А на мосту через Грязицу она дралась до последней капли крови, защищая ту, кому, быть может, не сохраняла безупречную верность, но за кого без колебаний была готова отдать жизнь.
*
Туманная лесная тропинка влекла Дарёну грустным, но настойчиво-нежным зовом. Золото листьев, местами схваченное коричневым и красным румянцем, уже почти вытеснило последние островки зелени, под ногами лежал лёгкий, сыпучий ковёр из осенних сокровищ. Туман стоял густой, холодной завесой, вот только холод этот был странным — мертвенным, по-зимнему пробиравшим до костей. Кто-то ждал девушку в конце тропинки, она откуда-то знала это. Лесная сказка? Ощущения схожи, но всё-таки — не то… Не чёрная кошка с голубыми глазами. Дарёна смутно угадывала того, кто ждал её там с тоской, волны которой докатывались до сердца через этот стылый туман. Ноги сами несли её навстречу тому, кого ей так хотелось обнять…
И вот оно — то место. Деревья, роняя листья, молча обступили Дарёну, и её душа тревожно звенела, как натянутая до предела струна. «Выйди, покажись! Кто звал меня?»
Знакомое присутствие дохнуло в спину струйкой мурашек. Дарёна резко обернулась: из-за толстого ствола векового вяза шагнула Цветанка — в длинной, подпоясанной красным кушаком рубахе, босая. Сердце бухнуло, сошло с ума:
«Цветик! Ты… живая?»
Растрёпанные и спутанные волосы падали Цветанке на плечи и спину, а в глазах отражалась мутная пелена тумана. Они как будто изменили цвет и поблёкли, из васильковых став дымчато-голубыми. Она это или не она? Кушак знакомый, глаза — нет.

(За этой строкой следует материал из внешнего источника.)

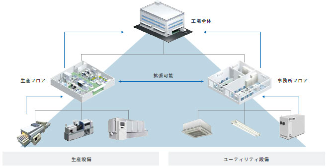 まずはエネルギー使用が多い設備・装置から見える化し、次にラインやフロアごとに拡大。最終的に工場全体の見える化システムとしての運用も可能です。
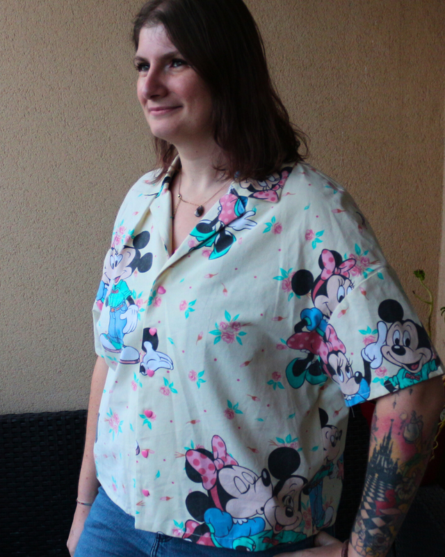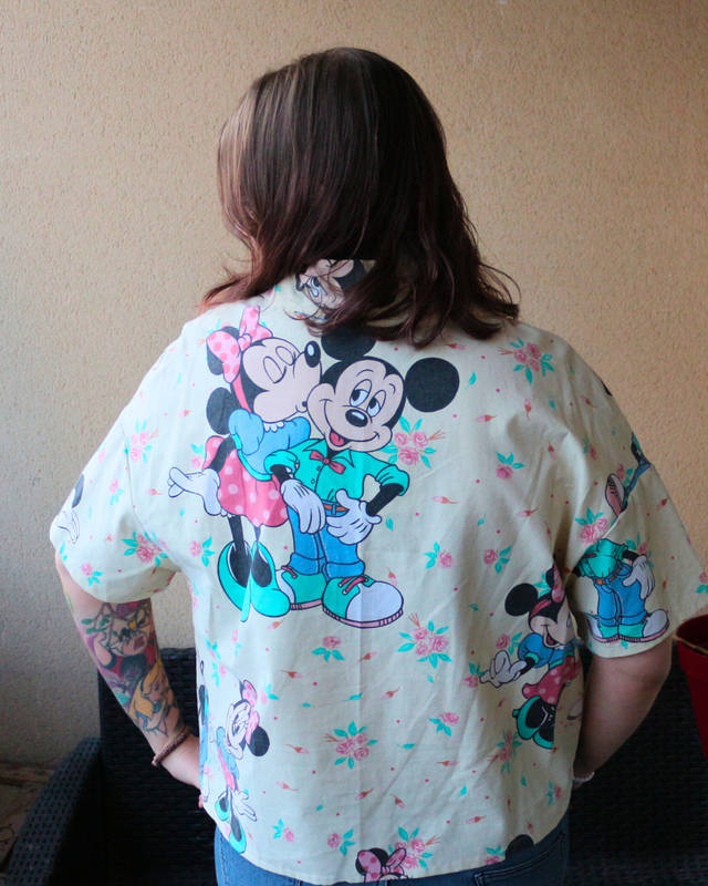 🎀 Chemise Upcyclée – « Romance Rétro : Mickey & Minnie » – Taille 36
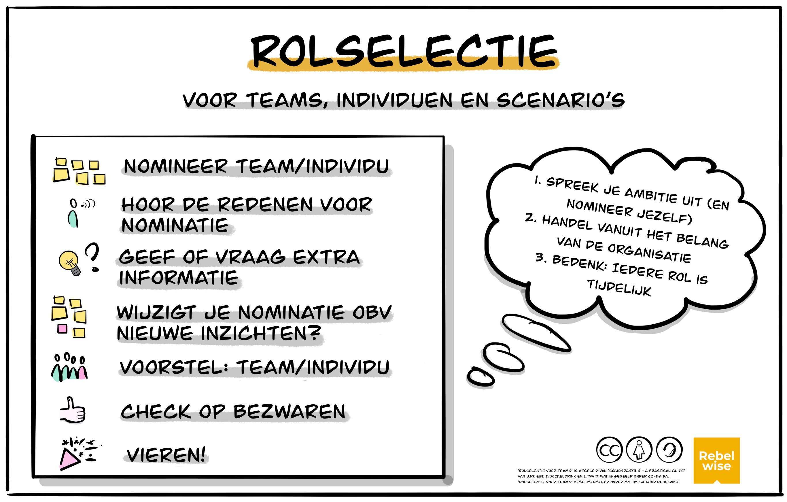 - De verkiezing zelf: Waar wij bij rolselectie uitgaan van het principes van consent, schrijft de wet voor dat er een stemmingsronde plaatsvindt waarin individuele collega’s hun stem op de kandidaten kunnen uitbrengen.
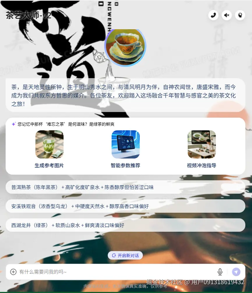 - 视觉化引导:自动生成茶汤色泽参考图(Minimax驱动)
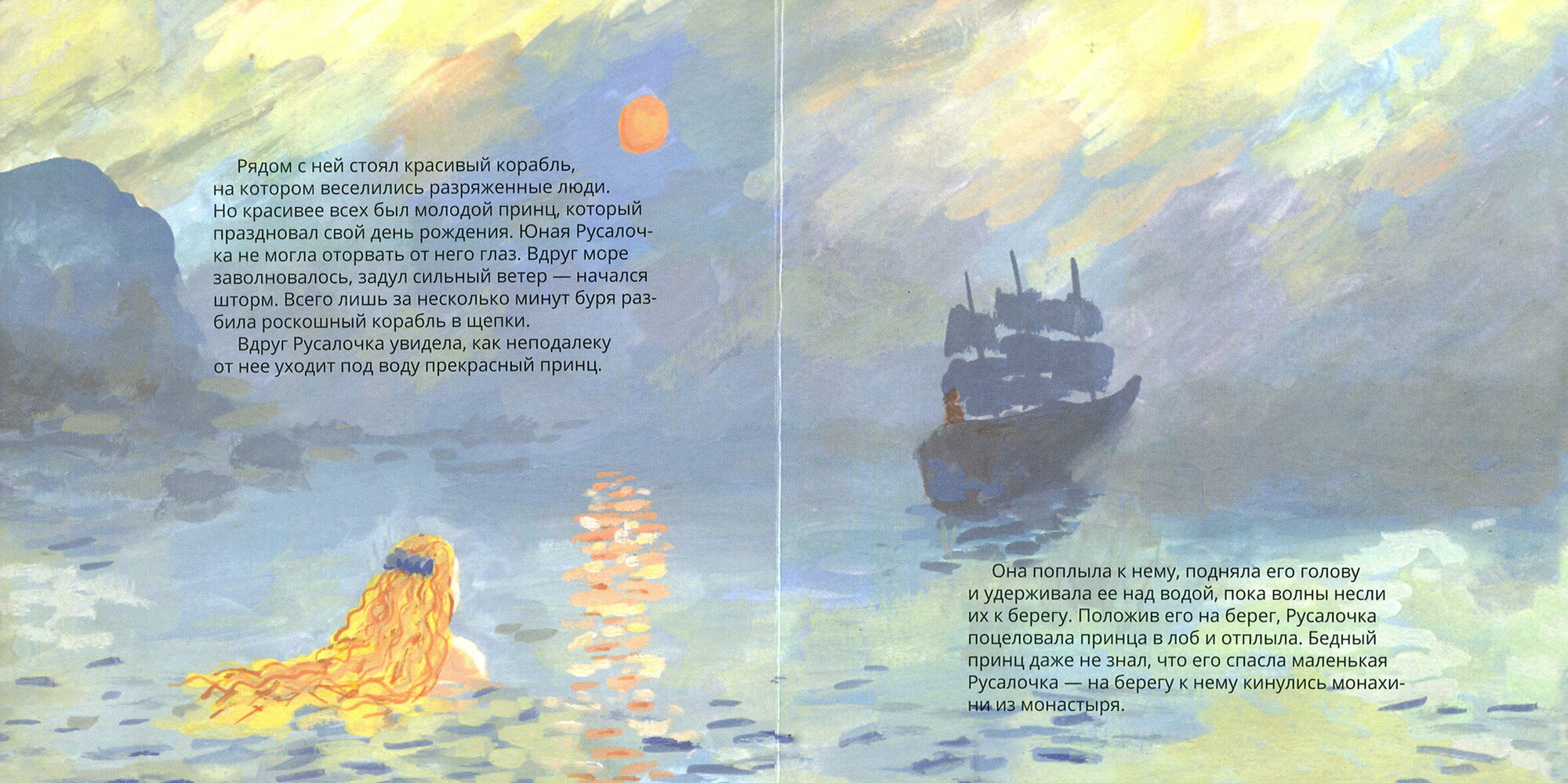 Новая серия издательства VoiceBook- любимые сказки, проиллюстрированные в манере письма известных художников. Нежная сказка о влюбленной русалочке в новом издании – это легкая дымка грусти и туманные просторы волн в манере великого импрессиониста Клода Моне.
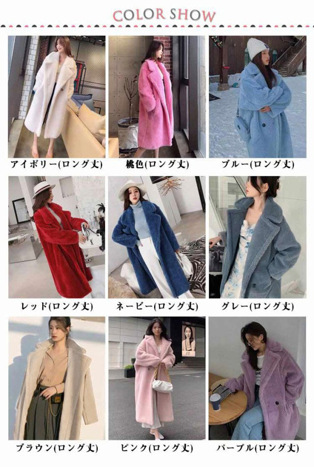 | 色 | アイボリー(ロング丈) ブルー(ロング丈) レッド(ロング丈) ネービー(ロング丈) グレー(ロング丈) ブラウン(ロング丈) ピンク(ロング丈) パープル(ロング丈) 桃色(ロング丈) 茶色(ロング丈) 水色(ロング丈) ブラック(ロング丈) ベージュ(ロング丈) カーキ(ロング丈) オレンジ(ロング丈) ライトブルー(ロング丈) |
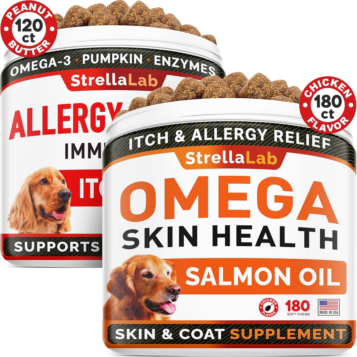 Allergy Relief + Omega 3 Dogs Bundle - Itchy Skin Treatment + Allergy & Itch Relief Skin&Coat Supplement - Omega3 & Pumpkin - Dog Itch Relief - 300 Chews - Peanut Butter + Chicken Flavor - Made In Usa

«Дарёнка… Я жива, тоскую по тебе, — шевельнулись приоткрытые бледные губы. — Ты прости меня за блудливый нрав и за ветреность мою. Я же тебя одну люблю в своей жизни… И всегда любить буду. Беги оттуда, где ты сейчас, возвращайся ко мне, я тебя жду!»
Руки Цветанки поднялись и протянулись к Дарёне. Уже давно всё простившее сердце девушки рванулось в раскрытые объятия подруги.
«Цветик… Я не держу обиды…»
Туманно-призрачные, странно неподвижные глаза Цветанки вдруг снова изменили свой вид, приобретя холодный, хищный волчий разрез, а улыбка открыла удлинившиеся звериные клыки. Обнимавшие девушку руки укололи её острыми когтями. Ужас студнем задрожал в животе, ноги подкосились, навалилась смертельная слабость. Холод сдавливал со всех сторон, прорастал к самому нутру, где ещё трепыхался тёплый комочек Дарёниного сердца. Но когтистые руки не давали ей упасть.
«Это я, Дарёночек, я! Не страшись моего вида. Я тебя всё так же люблю…»
Дарёночек… Только Цветанка так её называла, без сомнения. Но что за зелёные глаза наблюдали из кустов? Теперь уже не чья-то невидимая рука, а сама Дарёна своей волей остановила мир, сделав его неподвижной картинкой, на которой можно было разглядеть всё, что захочешь — всё, что раньше ускользало незамеченным. Волчьи глаза… Да, того самого зверя, с которым сцепилась чёрная кошка на опушке леса, где Дарёна лежала, истекая кровью.